As well as overcoming technical and cost training barriers, our cutting-edge AI controller solution gives operators the situational awareness required to accelerate decision making in complex missions. It offers a tangible example of human-machine teaming in action, all designed to reach an end objective in the most effective way possible.
As far as we know, we are the first to demonstrate this novel human-machine teaming concept in live trails with multiple low-cost commercial-off-the-shelf uncrewed air and ground vehicles across several defence and security scenarios. Indeed, we went from concept, to demonstration, to live trials in less than nine months.
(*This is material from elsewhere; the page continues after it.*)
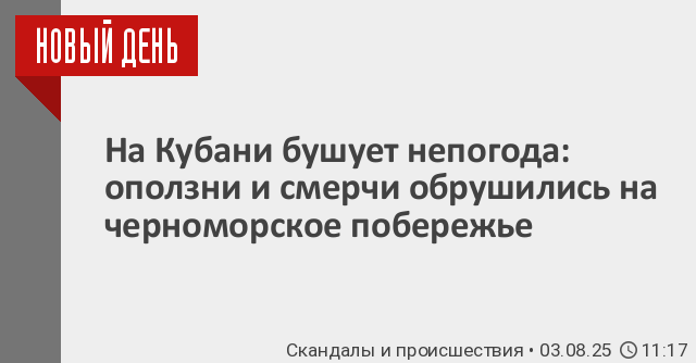 В Краснодарском крае жаркая погода резко сменилась ненастьем. Из-за залповых ливней сходят оползни и блокируют дороги, а смерчи обрушились на пляжи, где до сих пор находятся отдыхающие.
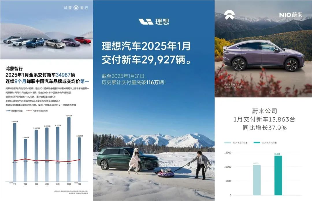 鸿蒙智行、小鹏、理想和蔚来也迅速刷新1月份业绩——这是一份和以往都不太一样的排序。鸿蒙智行如愿以偿霸占头牌,小鹏取代蔚来和理想。吉利银河直奔10万辆,变化来得如此气势汹汹。

And our solution, fully developed in-house by our engineers, adopts an open architecture approach underpinned by leveraging commercially available and open source software in some cases. This means any LLM can be used and the solution can be applied to virtually any drone or uncrewed asset that allows interaction through API calls. There’s no requirement on the platform to be proprietary or bespoke, just an open design and philosophy that removes potential issues such as vendor lock-in or platform-specific incompatibilities.
Building in assurance
As with any AI-based solution, implementing various guardrails and assurance frameworks formed an important part of the development process.
For example, at BAE Systems we’ve been developing suitable assurance frameworks that support AI-enabled autonomy across all domains and are workings with SMEs that specialise in assuring autonomy. We also ensured that the system can only operate within specific operational parameters, such as a determined area of surveillance, and the assets themselves feature low-level safety mechanisms (e.g. geofencing and collision avoidance) that the solution can’t override or access.
The AI drone controller solution also can’t go beyond the language of the platform it’s connected to and declared to it. It can only call on a platform’s existing capabilities – for example take-off, land, search, hover etc. – and operators always have access to the AI’s decision making to ensure full transparency.
Finally, the solution itself is secure by design. It operates on a completely private network that is locked down behind a firewall with no internet access, ensuring no unauthorised access or interference by third parties, including with the operated platforms or assets.
What’s next?
Our robotics, AI and software engineering specialists have worked incredibly hard over the last few months to get to this point – fusing our hardware and software expertise as part of a multidisciplinary team. But this is just the beginning.
Over the coming months, we’ll conduct further testing and verification to mature the technology, before we start to explore integrations with BAE Systems’ range of autonomous and uncrewed platforms, assets and offerings. We’re also looking to extend the capability to drone swarms to amplify the capacity of the UK and allied armed forces to collect intelligence and deliver effect without putting humans in harm’s way. This will build on existing work we’ve done in swarming, including novel algorithms that can be seamlessly integrated with our natural language interface.
Ultimately, our focus is on helping the UK Government meet its ambition to get AI innovations out to the front line faster. The fact that we went from concept, to demonstration, to live trials in less than nine months showcases the speed of innovation – along with our continued dedication to meeting the UK’s mission requirements of today and tomorrow.